| DATA SHOWN |
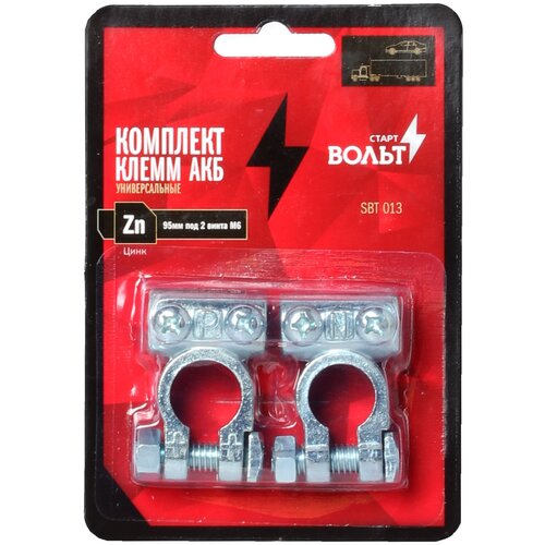 Полный ассортимент клемм АКБ (по материалу, по методу крепления) в блистерной упаковке. Стартвольт - единственный на текущий момент системный поставщик клемм АКБ в России. SBT 013 SBT 013
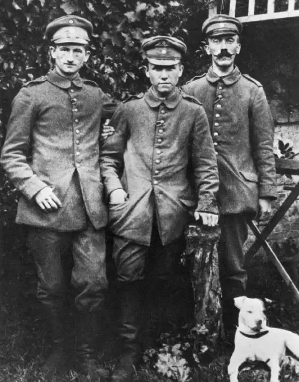 Справа с хипстерскими усами сам Адольф Гитлер. Фото примерно 1916-19.
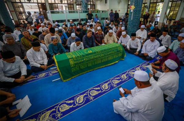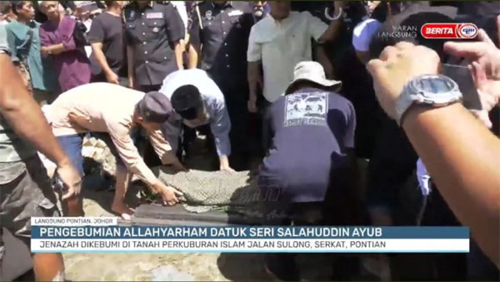 (笨珍27日讯)国内贸易及生活成本部长拿督斯里沙拉胡丁阿育的遗灵,从拿督哈芝诺加都清真寺离开后,今日中午已运抵实叻角的马来墓园安葬。

| REQUIREMENT |
Everything in the material except the pictures should be restated word for word.

| YOUR RESPONSE |
 Полный ассортимент клемм АКБ (по материалу, по методу крепления) в блистерной упаковке. Стартвольт - единственный на текущий момент системный поставщик клемм АКБ в России. SBT 013 SBT 013
 Справа с хипстерскими усами сам Адольф Гитлер. Фото примерно 1916-19.
 (笨珍27日讯)国内贸易及生活成本部长拿督斯里沙拉胡丁阿育的遗灵,从拿督哈芝诺加都清真寺离开后,今日中午已运抵实叻角的马来墓园安葬。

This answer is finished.